Der Hund ist ein Fleischfresser!

  1. „Was? Dem Hund Gemüse geben? Was soll der Blödsinn? Einem Kaninchen schmeißt man doch auch kein Schnitzel in den Käfig!“

    Solche oder so ähnliche Aussagen kennen wir wohl alle. Der Hund stamme ja schließlich vom Wolf ab und ist deshalb ein Fleischfresser, der mit Gemüse nichts anfangen kann. Stimmt nur leider nicht so ganz. Ja, der Hund stammt vom Grauwolf ab, doch reine Fleischfresser sind beide nicht. Zoologisch betrachtet zählen sie zwar zu den Carnivoren, also Fleischfressern (oder eher „Beutetierfressern“), jedoch werden diese nochmal unterschieden in strikte und nicht- strikte Fleischfresser sowie solche, die gar kein Fleisch fressen, wie etwa der Pandabär. Zu den strikten Fleischfressern zählen z.B. Katzen, welche pflanzliche Kost schlecht bis gar nicht verwerten können. Zu den nicht- strikten Fleischfressern zählen, und dies dürfte einige überraschen, Wolf und Hund. Noch genauer betrachtet sind diese beiden Tierarten Carni- Omnivoren, was heißt, sie sind Allesfresser, welche sich aber hauptsächlich von tierischer Nahrung ernähren, aber auch durchaus pflanzliche Kost fressen und verwerten können. Hierzu zählen übrigens auch Waschbären und Füchse, welche als hundeartige auch eng mit dem Haushund verwandt sind und von welchen man weiß, dass sie, überspitzt gesagt, alles fressen, was nicht „bei drei auf dem Baum ist“. Auch Wölfe ernähren sich nicht ausschließlich von Fleisch, sondern fressen auch Gräser, Kräuter, Wurzeln, Früchte und sogar Blätter.

     

  2. Getreide ist schlecht für Hunde und löst Allergien aus!

    In letzter Zeit liest man immer häufiger, dass Getreide Allergien auslöst und sogar für Krebs verantwortlich ist. Woher dieser Mythos kommt, weiß ich leider auch nicht. Allerdings könnte ich mir durchaus vorstellen, dass dieser durch Futtermittelfirmen begünstigt wird, die damit werben, dass nur getreidefreies Futter wirklich gesund wäre.
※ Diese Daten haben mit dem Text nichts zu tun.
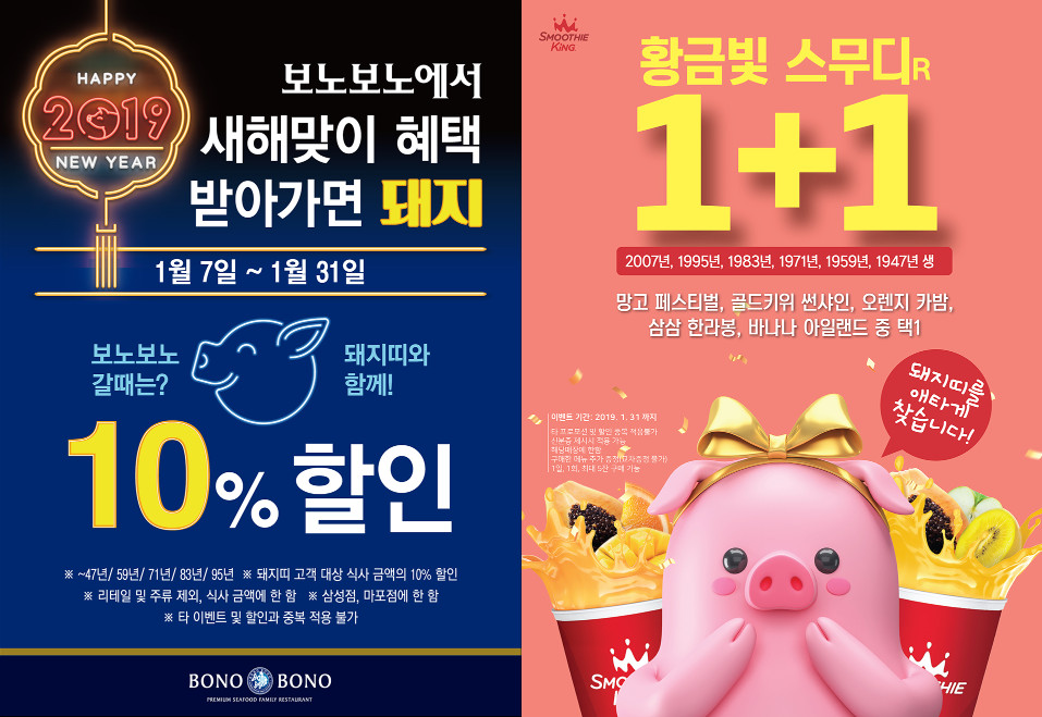 건강음료 브랜드 ‘스무디킹’도 이달 말까지 돼지띠 고객이 ‘망고 페스티벌’, ‘골드키위 썬샤인’, ‘오렌지 카밤’, ‘삼삼 한라봉’, ‘바나나 아일랜드’ 등 황금색 스무디 5종 가운데 1종을 구매하면 같은 종류의 스무디 한 잔을 추가 제공한다.

    Oftmals heißt es, dass Hunde Getreide nicht verstoffwechseln könnten. Dies ist jedoch Blödsinn. Hunde haben über die Jahrtausende der Domestikation durchaus die Fähigkeit erlangt, Getreide verdauen zu können, vorrausgesetzt, es wurde thermisch oder mechanisch berarbeitet. Da Hunde nicht Kauen und die Körner somit vor dem Verdauungsprozess zerkleinern können, würden diese genau so wieder ausgeschieden, wie der Hund sie aufgenommen hat. Getreide ist auch nicht allergener als andere Nahrungsmittel. Was Getreideallergien jedoch begünstigt ist die Tatsache, dass es in den meisten kommerziellen Futtermitteln und Leckerlis enthalten ist. Je häufiger ein Stoff vorkommt, umso leichter entwickelt sich auch eine Allergie auf diesen. Auch für die Entstehung von Krebszellen spielen andere Faktoren eine Rolle. Zwar ist bei einem Krebsleiden eine kohlenhydratarme Ernährung angeraten, da sich Krebszellen von Kohlenhydraten ernähren- vorsorglich aber Getreideprodukte wegzulassen, ist nicht sinnvoll und schützt auch nicht vor einem Krebsausbruch.
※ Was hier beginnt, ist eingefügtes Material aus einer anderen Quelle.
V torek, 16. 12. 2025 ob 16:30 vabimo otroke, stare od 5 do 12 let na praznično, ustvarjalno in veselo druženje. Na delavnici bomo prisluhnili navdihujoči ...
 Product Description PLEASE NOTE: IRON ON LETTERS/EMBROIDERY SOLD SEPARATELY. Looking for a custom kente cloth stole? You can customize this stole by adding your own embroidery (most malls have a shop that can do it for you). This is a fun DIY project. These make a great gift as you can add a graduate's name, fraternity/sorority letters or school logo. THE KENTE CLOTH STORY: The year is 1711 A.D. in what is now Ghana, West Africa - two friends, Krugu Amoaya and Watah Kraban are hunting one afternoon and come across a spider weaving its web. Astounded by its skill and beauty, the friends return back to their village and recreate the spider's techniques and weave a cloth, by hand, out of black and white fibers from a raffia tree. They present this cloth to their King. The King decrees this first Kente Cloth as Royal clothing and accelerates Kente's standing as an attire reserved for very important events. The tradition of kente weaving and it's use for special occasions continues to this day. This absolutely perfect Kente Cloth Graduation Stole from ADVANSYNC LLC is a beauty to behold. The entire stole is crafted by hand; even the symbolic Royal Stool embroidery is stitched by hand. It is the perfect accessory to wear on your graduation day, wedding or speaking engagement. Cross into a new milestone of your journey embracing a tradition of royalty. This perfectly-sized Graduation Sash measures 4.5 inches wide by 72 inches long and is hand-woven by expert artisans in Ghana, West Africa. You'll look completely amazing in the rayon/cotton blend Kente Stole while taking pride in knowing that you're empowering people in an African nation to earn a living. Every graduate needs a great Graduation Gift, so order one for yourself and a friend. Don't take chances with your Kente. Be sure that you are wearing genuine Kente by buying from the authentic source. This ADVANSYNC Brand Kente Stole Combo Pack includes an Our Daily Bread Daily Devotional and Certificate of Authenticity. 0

  3. Hunde brauchen einen Fastentag!

    Diesen Mythos kenne ich schon seit meiner Kindheit und er hält sich seit Jahrzehnten wirklich hartnäckig. Er wird vor allem damit begründet, dass Fasten für den Hund natürlich sei, denn Wölfe fressen auch nicht jeden Tag. Jedoch ist dieses Argument wenig schlüssig. Wann und wie lange gefastet wird, ist vom Erfolg bei der Nahrungsbeschaffung abhängig. Ist genügend Beute vorhanden, fressen auch Wölfe täglich. Manche schwören auch auf den Fastentag, da dieser angeblich zur Entgiftung bzw. Reinigung des Darms führen würde. Tatsächlich führt da Fasten aber eher zu Imbalancen im Darm, da die Darmwand sowie die Darmflora kontinuierlich Substrat brauchen, um sich selbst ernähren und aufrecht erhalten zu können. Ein Fastentag führt auch sehr leicht zur Übersäuerung des Magens. Alles in allem gibt es keinen bewiesenen Nutzen eines Fastentages.
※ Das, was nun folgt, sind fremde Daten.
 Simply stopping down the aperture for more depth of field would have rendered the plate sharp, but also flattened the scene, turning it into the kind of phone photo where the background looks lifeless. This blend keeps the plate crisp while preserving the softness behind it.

  4. Trockefutter ist wichtig für die Zahnreinigung!

    Auch hierfür gibt es keinerlei bewiesene Studien. Aus meiner Zeit als Tiermedizinische Fachangstellte weiß ich, dass auch mit Trockenfutter ernährte Tiere nicht seltener Zahnstein bekamen, als andere. Wie soll auch eine Zahnreinigung durch Trockenfutter stattfinden, wenn Hunde doch bekanntermaßen nicht in hohem Maße kauen, da sie Schlingfresser sind? Außerdem fallen die Kroketten aufgrund ihrer Beschaffenheit sofort auseinander, was einen Abrieb von Zahnstein oder Futterresten ebenfalls unmöglich macht. Für die Entstehung von Zahnstein spielen andere Faktoren, etwa die Genetik, aber auch der pH- Wert im Körper eine Rolle. Schlechtes Trockenfutter verändert diesen übrigens häufig ungünstig, was die Zahnsteinbildung fördert.

  5. Trockenfutter und Nassfutter darf man niemals mischen!

    Ja, warum eigentlich nicht? Als Argument wird hierfür immer die unterschiedlichn Verdauungszeiten der jeweiligen Futtermittelsorten genannt. Der Unterschied zwischen den Trocken- und Nassfutter liegt aber hauptsächlich im Wasser- und Energiegehalt. Von der Aufschließbarkeit bzw. Verdaulichkeit nehmen die sich gar nicht so viel. Man kann also durchaus beide Futtermittelarten mischen, solange der Hund es verträgt. Unter Muschern ist sogar eine Mischfütterung aus Trockenfutter und Fleisch oder Fisch relativ häufig anzutreffen, da diese Form den Hunden auf langen Strecken genügend Energie zur Verfügung stellt.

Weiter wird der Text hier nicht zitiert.